Vim & RTFM
This week I ditched Doom Emacs, after a couple of years, and went back to using Vim & Gvim as my main text editor.
Doom Emacs looks great and has more features than I could ever figure out, let alone use, but lately I’ve found keeping it up to date to be a bit of a chore. Every other update seems to involve changing repositories, adding stuff in or taking stuff out of the config or having to continually update the programs it depends upon, OK if that’s your thing but too much work for text editing and the occasional journal entry in org mode.
So back to Vim, which now I’m getting to grips with is much better than I’d realised, although there’s still a bit of a learning curve. Demonstrated perfectly by me having to rewrite one of my draft German letters three times as I’d completely misunderstood what “Nwrite” did. Hence RTFM.
We Killed the Tsar?
According to the somewhat rabidly anti-British Graf zu Reventlow in “Der Vampir des Festlandes” the British government was complicit in the murder of Paul I of Russia in 1801. This surprised me at first and I was more than a little sceptical as Reventlow is a bit of a loon (let alone a socialist and a Nazi, but I repeat myself), but Wikipedia tells me otherwise, so it must be true…

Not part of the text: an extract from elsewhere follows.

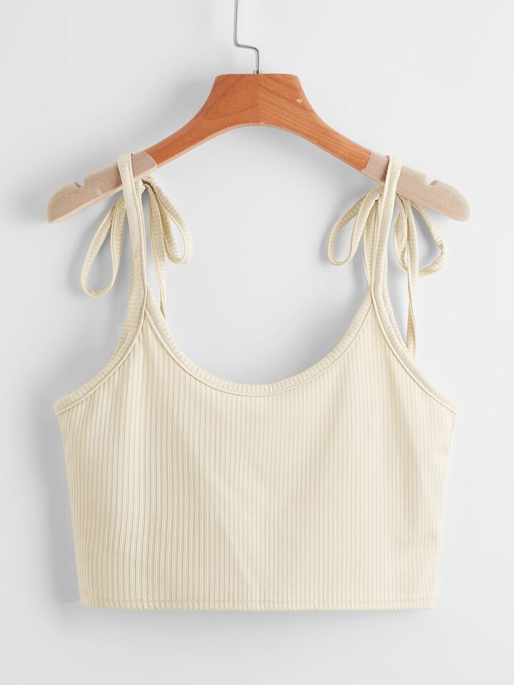 Einfarbiges geripptes Cami Top mit Band auf Schulter

Paul I actually sounded like a pretty reasonable Monarch, advocating chivalry for the nobles and better conditions for the workers, but he stood in the way of British trade so he had to go it would seem.
“with the alleged support of the British ambassador in Saint Petersburg, Charles Whitworth” is as good as saying that our government did it, as I doubt the ambassador took the initiative alone.
I’d never heard of this before, but I’m fairly sure that Vladimir Putin knows all about it.
Reason?
Excuse the subject matter but “Bestiality & me” makes a good point about the limits of reason.
If anything can be justified by reason, then either everything is permissible, which obviously is leading us already to a very dark place (don’t make me tap the sign), or reason is not always correct, in which case the last 250 years or so have been a catastrophically disastrous failed experiment in man’s hubris and arrogance.
I think this may have been pointed out to us a couple of thousand years ago, but we never listen.
Flying Peasants
This morning I was reading this article in The Daily Sceptic about “Net Zero” and possibly no more flying for peasants by 2050, and it occurred to me yet again that this wouldn’t necessarily be a bad thing.
I’m not at all sure that endless credit and foreign travel has really improved our peasant lives at all, probably the opposite, and it’s likely inevitable that it will have to end when the sham financial system that supports such a lifestyle ends, and that’s looking like soon.
The problem is that at the same time, the same people are (and have been for more than half a century) merrily destroying our native environments and social bonds, which at least would give us some roots to return to.
“Fuchs-Eier und Schaumwein“, Marwitz hatte Recht.